Data items:
--- START ---

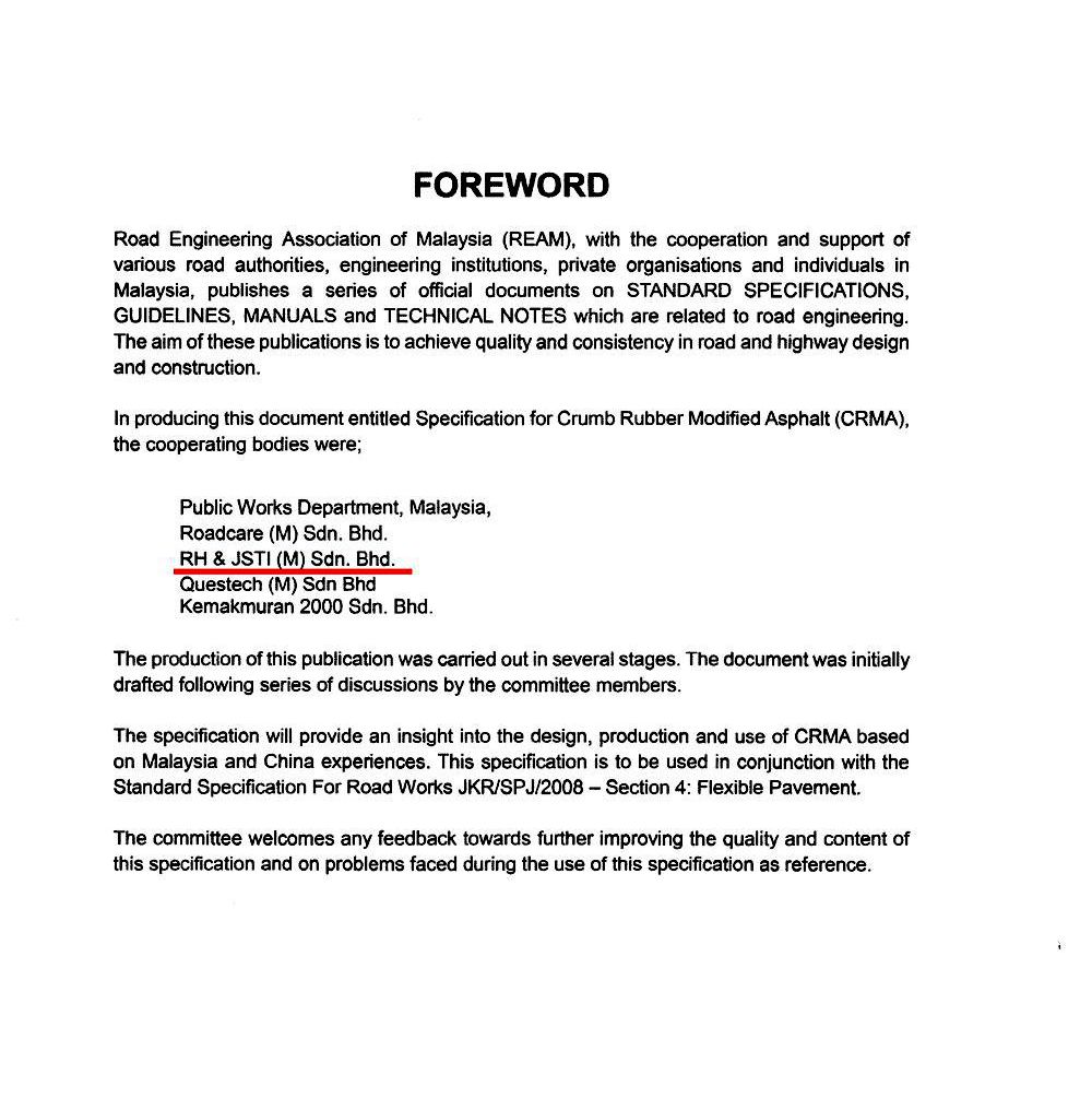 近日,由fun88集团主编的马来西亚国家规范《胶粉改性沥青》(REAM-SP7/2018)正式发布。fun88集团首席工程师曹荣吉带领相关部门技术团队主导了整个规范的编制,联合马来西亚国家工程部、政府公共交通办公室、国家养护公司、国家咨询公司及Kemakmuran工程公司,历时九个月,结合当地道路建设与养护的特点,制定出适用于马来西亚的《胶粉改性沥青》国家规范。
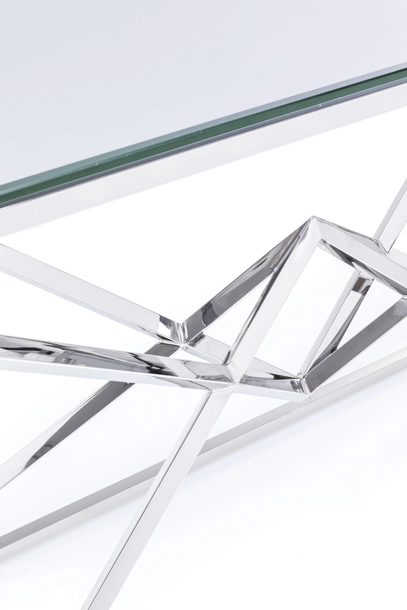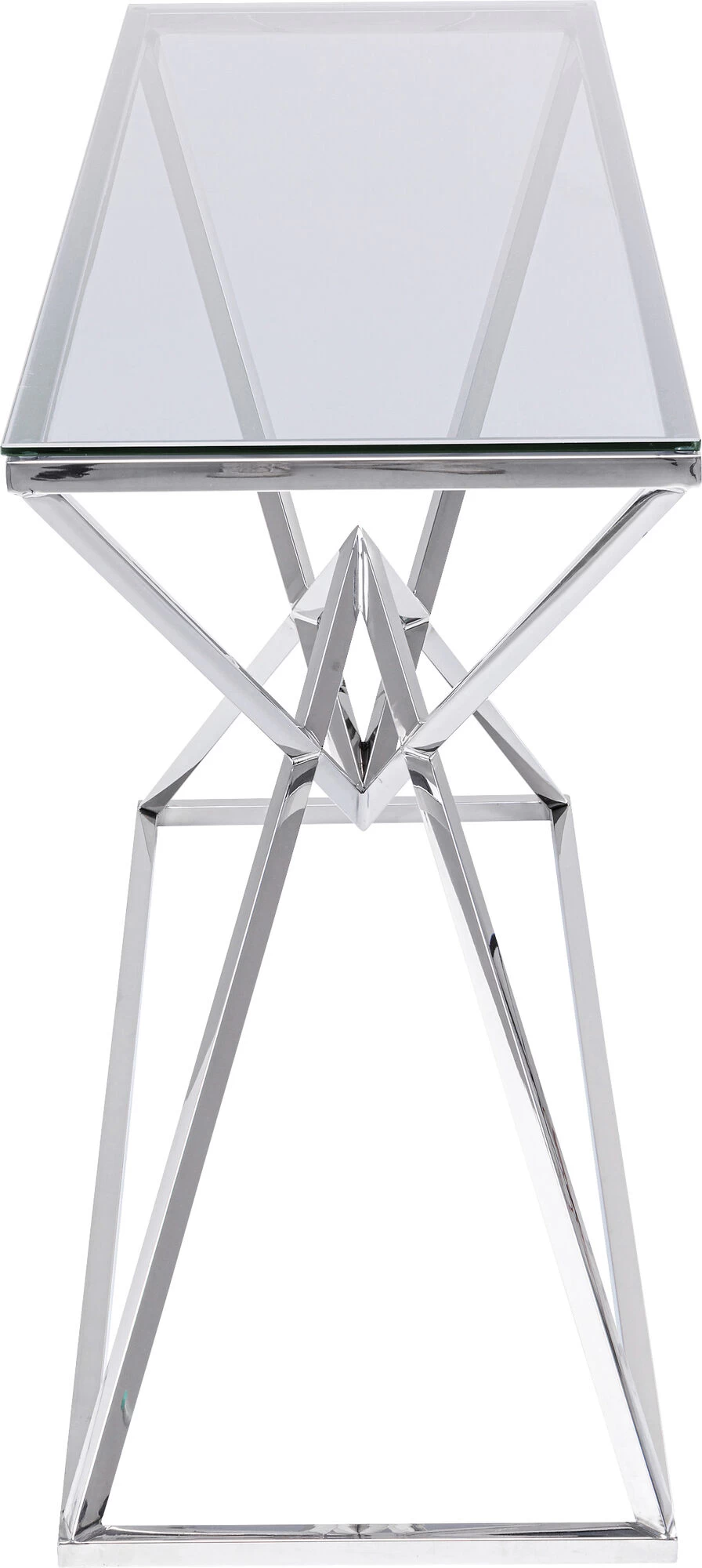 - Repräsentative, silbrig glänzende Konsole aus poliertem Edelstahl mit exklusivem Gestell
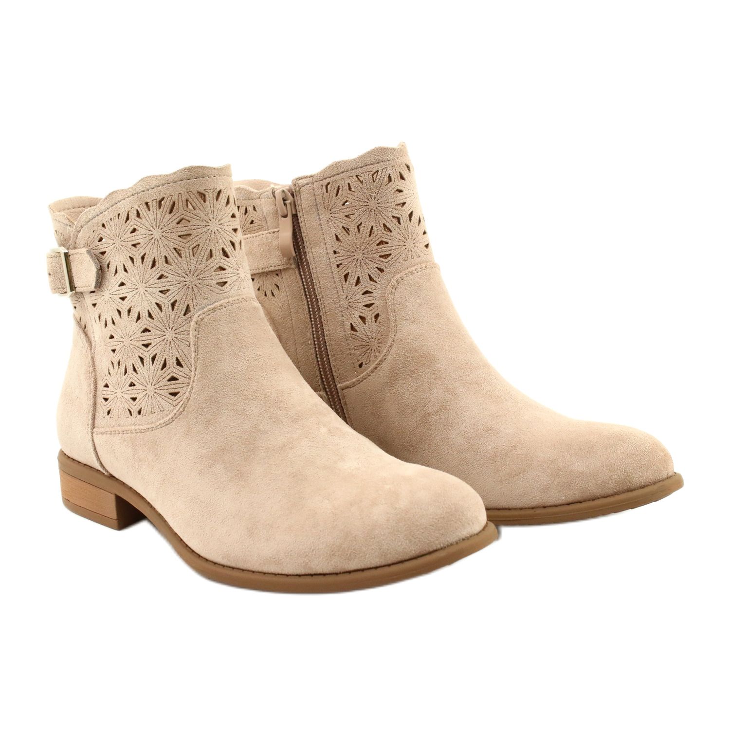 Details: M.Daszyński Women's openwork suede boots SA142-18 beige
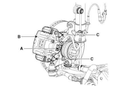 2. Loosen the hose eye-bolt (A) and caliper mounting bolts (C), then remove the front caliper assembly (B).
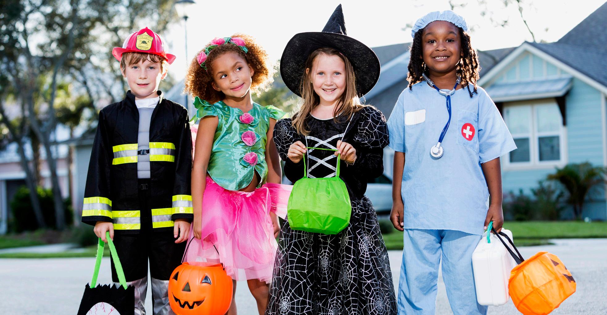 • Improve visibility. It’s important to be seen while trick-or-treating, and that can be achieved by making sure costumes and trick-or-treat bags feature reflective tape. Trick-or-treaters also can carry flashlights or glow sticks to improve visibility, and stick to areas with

--- END ---

- Exercise goal -
The output is the data above, repeated exactly, with pictures omitted.

- Finished exercise -
 近日,由fun88集团主编的马来西亚国家规范《胶粉改性沥青》(REAM-SP7/2018)正式发布。fun88集团首席工程师曹荣吉带领相关部门技术团队主导了整个规范的编制,联合马来西亚国家工程部、政府公共交通办公室、国家养护公司、国家咨询公司及Kemakmuran工程公司,历时九个月,结合当地道路建设与养护的特点,制定出适用于马来西亚的《胶粉改性沥青》国家规范。
 - Repräsentative, silbrig glänzende Konsole aus poliertem Edelstahl mit exklusivem Gestell
 Details: M.Daszyński Women's openwork suede boots SA142-18 beige
 2. Loosen the hose eye-bolt (A) and caliper mounting bolts (C), then remove the front caliper assembly (B).
 • Improve visibility. It’s important to be seen while trick-or-treating, and that can be achieved by making sure costumes and trick-or-treat bags feature reflective tape. Trick-or-treaters also can carry flashlights or glow sticks to improve visibility, and stick to areas with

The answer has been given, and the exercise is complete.